> **YOUR OBJECTIVE**: The answer is all of the data repeated exactly, with each picture omitted.

> **Data records**:
>>>
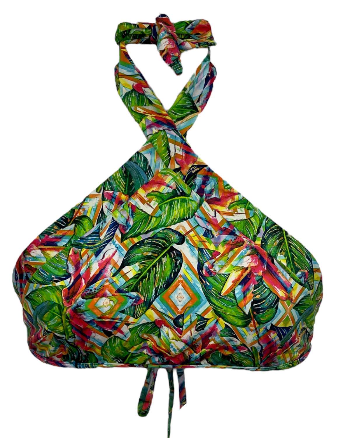 Top de biquíni cropped cruzado e amarrado no pescoço e nas costas sem bojo Tecido/composição 84% Poliester 16% Elastano.
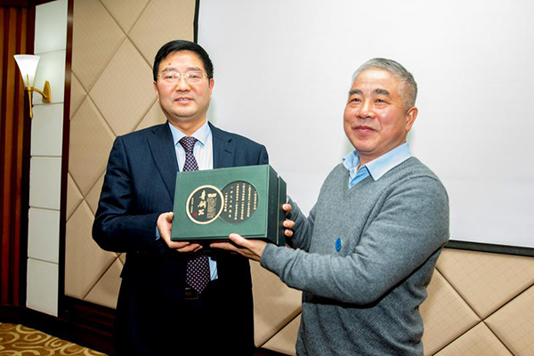 校友代表(常务副会长赵恳)向母校赠送纪念品——青铜鼎
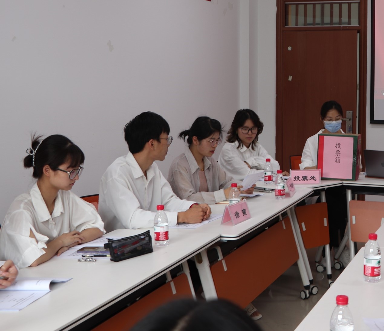 委员会委员和主席团成员选举,总监票人刘华婷老师全程核实,各研究生代表填写投票,计票人统计各候选人选票,最终由刘华婷老师宣布计票结果,选举卢慧珊、杨佳慧为成人在线
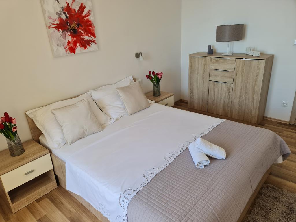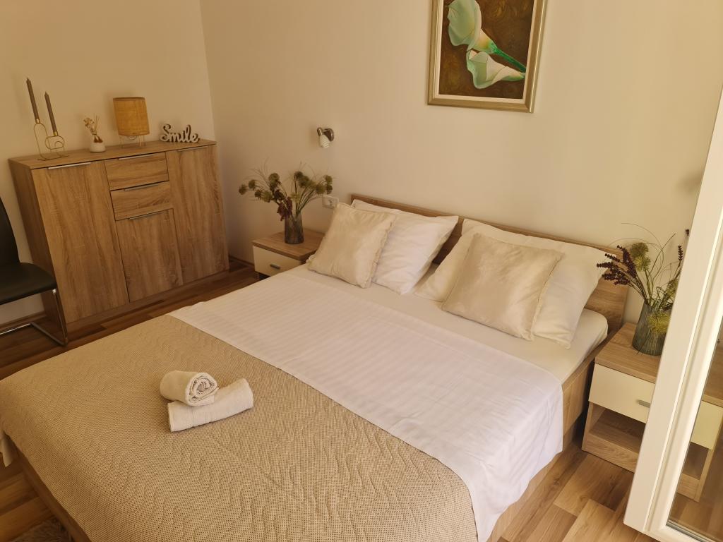 Pour les dames, nous donnons des vacances dans la seconde moitié de Juin. L'appartement est entièrement meublé, nouvelle, grande et propre. Comme le montre les photos, il est donc dans la réalité, et encore plus belle. Vraiment priporočava si vous voulez passer des vacances tranquilles et de la mer sur la paume. Le plus beau souvenir d'entre nous resteront pour la plupart près de la mer, accueil sympathique et chatons ludique. :) Certainement toujours revenir en arrière et priporočava.
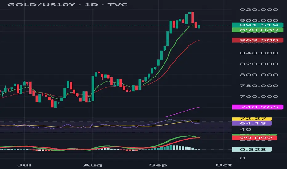 Gold vs. US 10Y yield ratio surged to extreme highs but is now showing weakening momentum. RSI has pulled back from overbought and MACD is cooling.
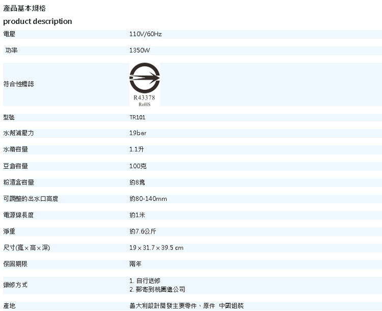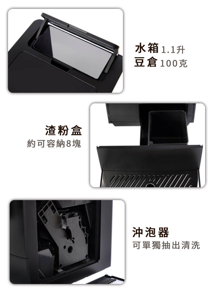 Tiamo TR101 義式全自動咖啡機 110V(HG6464WH) 品號:11911022 小巧機身性能高 觸控沖煮水溫 白色款 黑色款
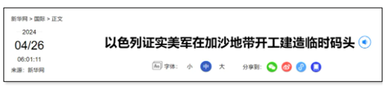 新華社報道截圖 以色列證實美軍在加沙地帶開工建造臨時碼頭 以色列軍方25日晚發表聲明說,美國在加沙地帶開工建造臨時碼頭,以軍提供“安全和後勤支持”。 聲明說,以軍批准了一項由美國中央司令部主導的在加沙海岸建立“後勤走廊”的新倡議,這將為向加沙地帶運送救援物資提供便利。以軍將為碼頭建設提供“安全和後勤支持”。 美國國防部發言人帕特里克·賴德25日在記者會上說,美國軍艦已經開始在地中海靠近加沙地帶的水域建造臨時碼頭和堤道,目前進行的是初期工程。 美國總統拜登今年3月發表國情咨文演講時宣布,美軍將在地中海靠近加沙地帶水域建造一個用於人道主義援助的臨時碼頭。據媒體報道,美軍3月曾派出一艘攜帶建造碼頭設施的後勤支援船前往加沙地帶。 據巴勒斯坦加沙地帶衛生部門25日發佈的數據,2023年10月新一輪巴以衝突爆發以來,以色列在加沙地帶的軍事行動已造成超過3.43萬人死亡、逾7.7萬人受傷。(完) 【編輯:豐悅】
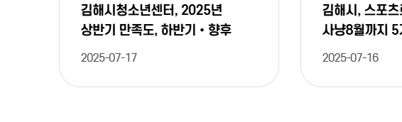 김해시청 홈페이지는 대한민국 공식 전자정부 누리집으로 인증받아 안전하고 신뢰할 수 있는 온라인 서비스를 제공합니다. 홈페이지는 시민과 함께하는 시정 실현을 위해 빠르고 알찬 시정 정보를 제공하며, 투명한 시정과 청렴한 시정을 위해 지속적으로 노력하고 있습니다.
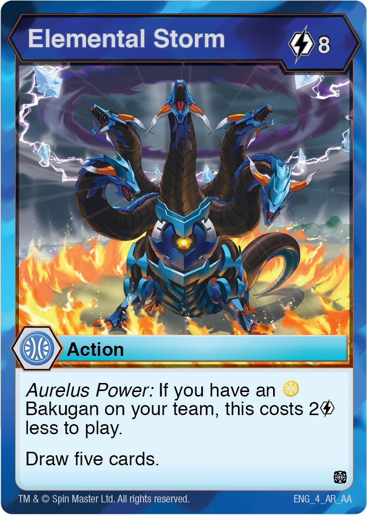Aurelus Power: If you have an [Aurelus] Bakugan on your team, this costs 2[Energy] less to play. Draw five cards. |
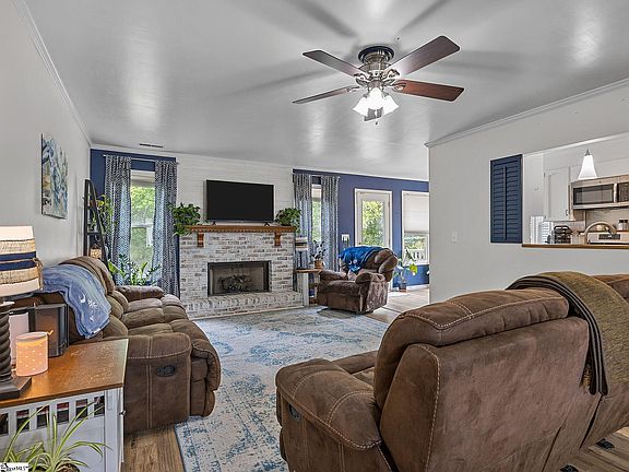 f you want to have everything close to everything... Then this is the house for you. This 4/2 sits on almost a full acre and less than a minute from Wade Hampton Blvd. You will fall in love with the gorgeous backyard, the firepit, the creek, and the two decks to enjoy the beautiful SC weather. Inside there is a wonderful galley kitchen with an opening to the living room where a gas fireplace is waiting for those cool fall and winter nights. All the appliances stay with the house including washer and dryer. The basement is a great place for the kids or a Man-cave along with an office area and more storage. Then the Garage offers a workshop and more storage while the Storage Bldg outside stays and the Kids playhouse.
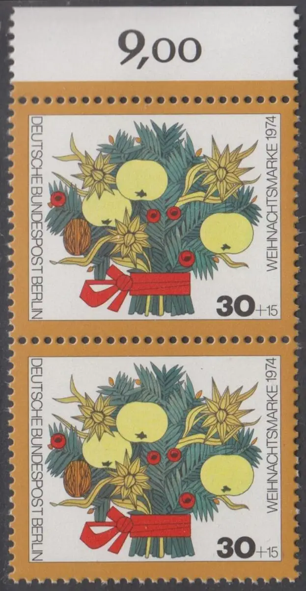 BERLIN 1974 Michel-Nummer 481 postfrisch vert.PAAR RAND oben (a) - Weihnachten
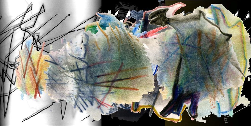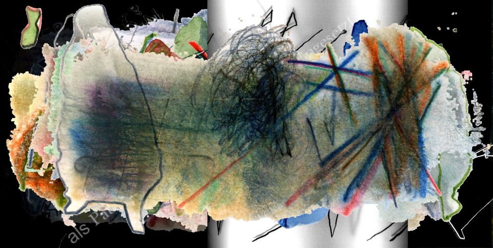 Es gibt eine Sehnsucht nach Schriftlichkeit, die die Bewegungen begleitet, die der Körper gestaltet. Eigenartigerweise geht es bei diesen zielfreien Suchgängen um Präzision, um genaues Hinschauen. Der Abdruck meiner rechten Handkante erzählt Geschichte(n), Geh-Schichten. Dringt mein Blick dort ein, wird die Bewegung des Stiftes von der Hand in Gang gesetzt. Die folgt dem Gang der Worte. Der Weg zieht die Silben zusammen. Die Gesänge aus Annes Roman treffen an der nächsten Kreuzung auf die vorsichtigen Worte meines IM „Lutz Lange“.
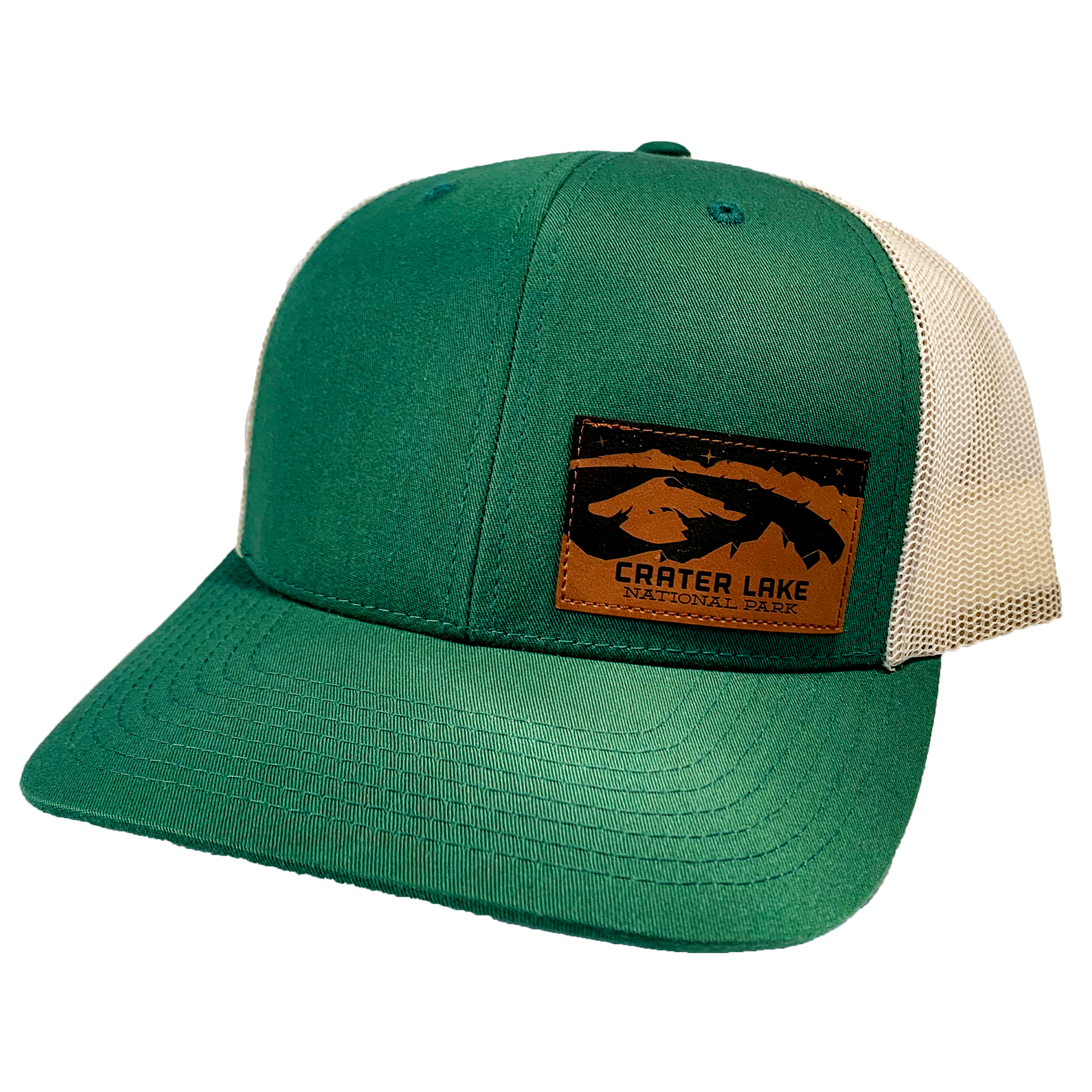 Classic snap back trucker hat with a vegan leather Crater Lake patch
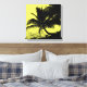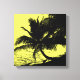 Une image frappante et audacieuse d'un palmier en silhouette. Un design pointu de palmiers et de l'océan. Plan jaune et noir. Style pop art. Art tropical. Palmiers tropicaux au coucher du soleil en silhouette.
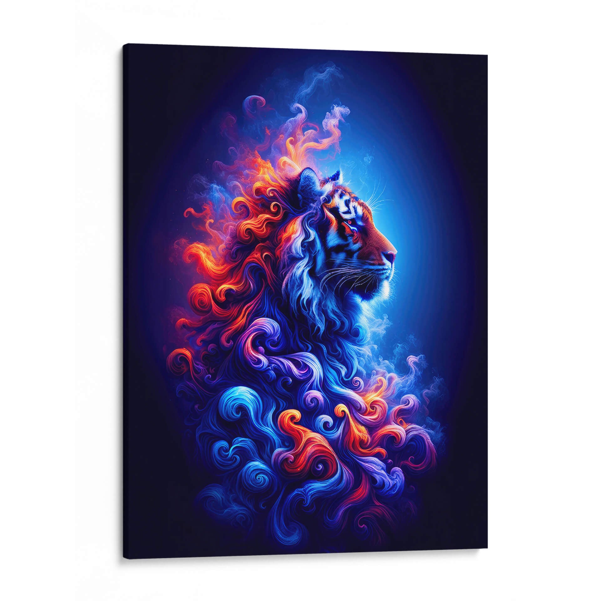 Sumérgete en la vibrante energía de "Tigre Neon", una obra de arte digital que redefine la majestuosidad felina a través de una explosión de color y forma. Este cuadro decorativo captura la esencia de un tigre en un torbellino etéreo de luces neón, donde las líneas fluidas y las volutas de humo digital se entrelazan para crear una melena ardiente y un aura mística. Predominan los azules profundos y eléctricos que contrastan dramáticamente con los naranjas incandescentes y púrpuras intensos, generando un efecto visual hipnótico que atrae todas las miradas. El estilo contemporáneo y abstracto de Paltik Arte Digital transforma a este depredador icónico en un símbolo de poder y modernidad, ideal para espacios que buscan un toque de audacia y sofisticación. La composición, con el tigre emergiendo de la oscuridad, sugiere misterio y fuerza latente. Este cuadro decorativo es perfecto para añadir un punto focal dinámico a tu sala de estar, un toque de personalidad a tu oficina o una dosis de inspiración en tu dormitorio. "Tigre Neon" no es solo una pieza de decoración, es una declaración de estilo que evoca pasión, creatividad y una conexión con la naturaleza salvaje representada con una estética futurista. Transforma tu hogar u oficina en una galería de arte moderno con esta impactante obra.
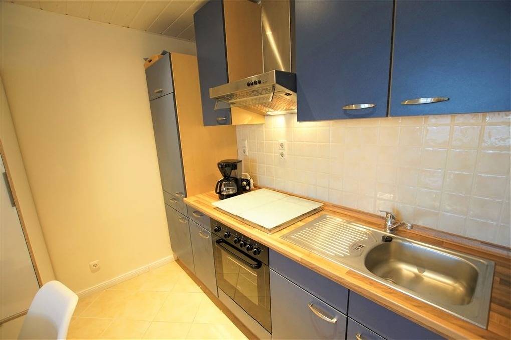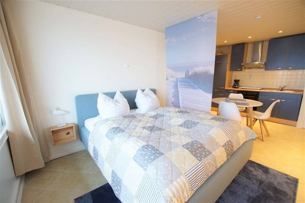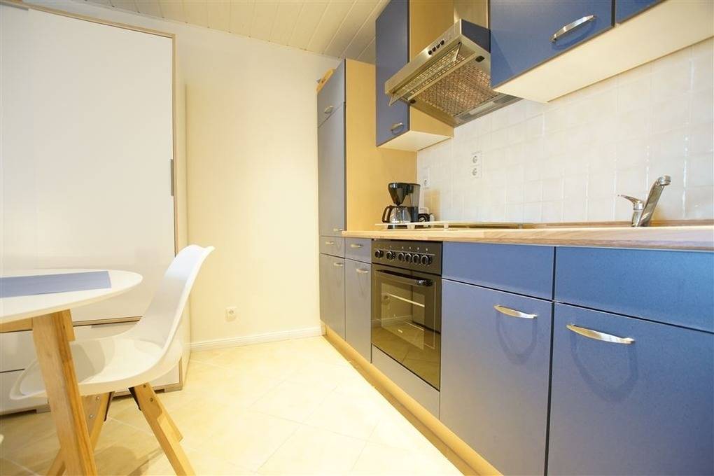 Der Wohn-/Schlafraum ist mit Doppelbett ausgestattet. Die Pantryküche verfügt über Ceranfeld, Backofen, Kühlschrank und Mikrowelle. Modernes Bad mit Dusche und WC, TV für gemütliche Abende. Fahrstuhl, gemeinschaftlicher Fahrradkeller und eigener Pkw-Stellplatz vorhanden.
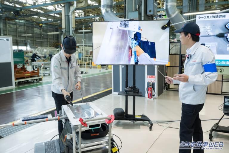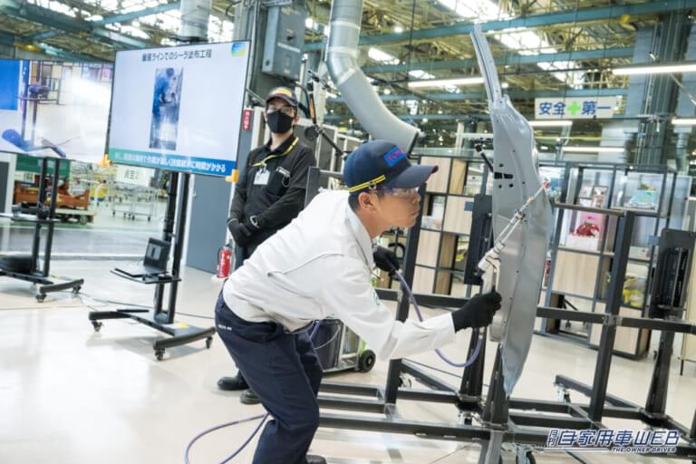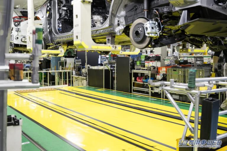 さらに組立ラインの床面が黄色と緑色に塗り分けられているのにも注目だ。これは車両を吊り下げるハンガーに接触し、作業員に怪我をさせないように危険が視覚的にわかる黄色に塗ったが、他の場所と比べて70ルクス明るくなるという副産物も手に入れたという。クルマの床下から作業する場合、ブラックなどダーク系のボディカラーのクルマでは細かい作業がしにくいというのがあり、過去は蛍光灯を床に付けたりヘルメットにライトを付けて作業していたが、かえって見えにくいということがあったという。しかし、黄色塗装することで安全と作業のし易さの両立ができたのだ。これもカイゼンから生まれた作業効率の進化だ。
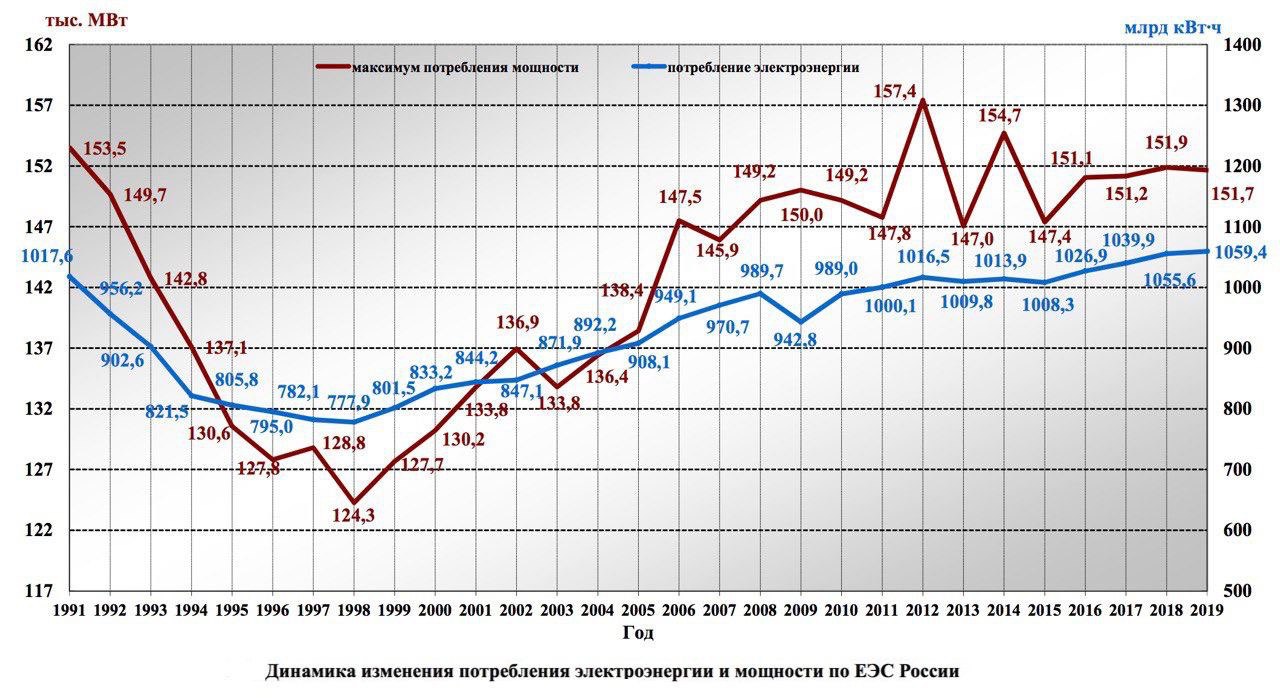 Потребление электроэнергии в России из года в год растет. За 20 лет оно выросло на 21%, до 1059,4 млрд кВт∙ч в прошлом году.
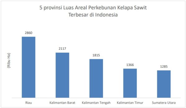Dari data Badan Pusat Statistika (BPS) mencatat bahwa terdapat 5 provinsi dengan luas areal perkebunan kelapa sawit terbesar di Indonesia. Tercatat bahwa provinsi Riau menduduki peringkat pertama. Berikut merupakan datanya:
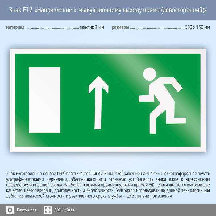 Знак E12 «Направление к эвакуационному выходу прямо (левосторонний)» (пластик, 300х150 мм) в Москве купить
<<<
> **ANSWER SECTION**:
 Top de biquíni cropped cruzado e amarrado no pescoço e nas costas sem bojo Tecido/composição 84% Poliester 16% Elastano.
 校友代表(常务副会长赵恳)向母校赠送纪念品——青铜鼎
 委员会委员和主席团成员选举,总监票人刘华婷老师全程核实,各研究生代表填写投票,计票人统计各候选人选票,最终由刘华婷老师宣布计票结果,选举卢慧珊、杨佳慧为成人在线
 Pour les dames, nous donnons des vacances dans la seconde moitié de Juin. L'appartement est entièrement meublé, nouvelle, grande et propre. Comme le montre les photos, il est donc dans la réalité, et encore plus belle. Vraiment priporočava si vous voulez passer des vacances tranquilles et de la mer sur la paume. Le plus beau souvenir d'entre nous resteront pour la plupart près de la mer, accueil sympathique et chatons ludique. :) Certainement toujours revenir en arrière et priporočava.
 Gold vs. US 10Y yield ratio surged to extreme highs but is now showing weakening momentum. RSI has pulled back from overbought and MACD is cooling.
 Tiamo TR101 義式全自動咖啡機 110V(HG6464WH) 品號:11911022 小巧機身性能高 觸控沖煮水溫 白色款 黑色款
 新華社報道截圖 以色列證實美軍在加沙地帶開工建造臨時碼頭 以色列軍方25日晚發表聲明說,美國在加沙地帶開工建造臨時碼頭,以軍提供“安全和後勤支持”。 聲明說,以軍批准了一項由美國中央司令部主導的在加沙海岸建立“後勤走廊”的新倡議,這將為向加沙地帶運送救援物資提供便利。以軍將為碼頭建設提供“安全和後勤支持”。 美國國防部發言人帕特里克·賴德25日在記者會上說,美國軍艦已經開始在地中海靠近加沙地帶的水域建造臨時碼頭和堤道,目前進行的是初期工程。 美國總統拜登今年3月發表國情咨文演講時宣布,美軍將在地中海靠近加沙地帶水域建造一個用於人道主義援助的臨時碼頭。據媒體報道,美軍3月曾派出一艘攜帶建造碼頭設施的後勤支援船前往加沙地帶。 據巴勒斯坦加沙地帶衛生部門25日發佈的數據,2023年10月新一輪巴以衝突爆發以來,以色列在加沙地帶的軍事行動已造成超過3.43萬人死亡、逾7.7萬人受傷。(完) 【編輯:豐悅】
 김해시청 홈페이지는 대한민국 공식 전자정부 누리집으로 인증받아 안전하고 신뢰할 수 있는 온라인 서비스를 제공합니다. 홈페이지는 시민과 함께하는 시정 실현을 위해 빠르고 알찬 시정 정보를 제공하며, 투명한 시정과 청렴한 시정을 위해 지속적으로 노력하고 있습니다.
Aurelus Power: If you have an [Aurelus] Bakugan on your team, this costs 2[Energy] less to play. Draw five cards. |
 f you want to have everything close to everything... Then this is the house for you. This 4/2 sits on almost a full acre and less than a minute from Wade Hampton Blvd. You will fall in love with the gorgeous backyard, the firepit, the creek, and the two decks to enjoy the beautiful SC weather. Inside there is a wonderful galley kitchen with an opening to the living room where a gas fireplace is waiting for those cool fall and winter nights. All the appliances stay with the house including washer and dryer. The basement is a great place for the kids or a Man-cave along with an office area and more storage. Then the Garage offers a workshop and more storage while the Storage Bldg outside stays and the Kids playhouse.
 BERLIN 1974 Michel-Nummer 481 postfrisch vert.PAAR RAND oben (a) - Weihnachten
 Es gibt eine Sehnsucht nach Schriftlichkeit, die die Bewegungen begleitet, die der Körper gestaltet. Eigenartigerweise geht es bei diesen zielfreien Suchgängen um Präzision, um genaues Hinschauen. Der Abdruck meiner rechten Handkante erzählt Geschichte(n), Geh-Schichten. Dringt mein Blick dort ein, wird die Bewegung des Stiftes von der Hand in Gang gesetzt. Die folgt dem Gang der Worte. Der Weg zieht die Silben zusammen. Die Gesänge aus Annes Roman treffen an der nächsten Kreuzung auf die vorsichtigen Worte meines IM „Lutz Lange“.
 Classic snap back trucker hat with a vegan leather Crater Lake patch
 Une image frappante et audacieuse d'un palmier en silhouette. Un design pointu de palmiers et de l'océan. Plan jaune et noir. Style pop art. Art tropical. Palmiers tropicaux au coucher du soleil en silhouette.
 Sumérgete en la vibrante energía de "Tigre Neon", una obra de arte digital que redefine la majestuosidad felina a través de una explosión de color y forma. Este cuadro decorativo captura la esencia de un tigre en un torbellino etéreo de luces neón, donde las líneas fluidas y las volutas de humo digital se entrelazan para crear una melena ardiente y un aura mística. Predominan los azules profundos y eléctricos que contrastan dramáticamente con los naranjas incandescentes y púrpuras intensos, generando un efecto visual hipnótico que atrae todas las miradas. El estilo contemporáneo y abstracto de Paltik Arte Digital transforma a este depredador icónico en un símbolo de poder y modernidad, ideal para espacios que buscan un toque de audacia y sofisticación. La composición, con el tigre emergiendo de la oscuridad, sugiere misterio y fuerza latente. Este cuadro decorativo es perfecto para añadir un punto focal dinámico a tu sala de estar, un toque de personalidad a tu oficina o una dosis de inspiración en tu dormitorio. "Tigre Neon" no es solo una pieza de decoración, es una declaración de estilo que evoca pasión, creatividad y una conexión con la naturaleza salvaje representada con una estética futurista. Transforma tu hogar u oficina en una galería de arte moderno con esta impactante obra.
 Der Wohn-/Schlafraum ist mit Doppelbett ausgestattet. Die Pantryküche verfügt über Ceranfeld, Backofen, Kühlschrank und Mikrowelle. Modernes Bad mit Dusche und WC, TV für gemütliche Abende. Fahrstuhl, gemeinschaftlicher Fahrradkeller und eigener Pkw-Stellplatz vorhanden.
 さらに組立ラインの床面が黄色と緑色に塗り分けられているのにも注目だ。これは車両を吊り下げるハンガーに接触し、作業員に怪我をさせないように危険が視覚的にわかる黄色に塗ったが、他の場所と比べて70ルクス明るくなるという副産物も手に入れたという。クルマの床下から作業する場合、ブラックなどダーク系のボディカラーのクルマでは細かい作業がしにくいというのがあり、過去は蛍光灯を床に付けたりヘルメットにライトを付けて作業していたが、かえって見えにくいということがあったという。しかし、黄色塗装することで安全と作業のし易さの両立ができたのだ。これもカイゼンから生まれた作業効率の進化だ。
 Потребление электроэнергии в России из года в год растет. За 20 лет оно выросло на 21%, до 1059,4 млрд кВт∙ч в прошлом году.
Dari data Badan Pusat Statistika (BPS) mencatat bahwa terdapat 5 provinsi dengan luas areal perkebunan kelapa sawit terbesar di Indonesia. Tercatat bahwa provinsi Riau menduduki peringkat pertama. Berikut merupakan datanya:
 Знак E12 «Направление к эвакуационному выходу прямо (левосторонний)» (пластик, 300х150 мм) в Москве купить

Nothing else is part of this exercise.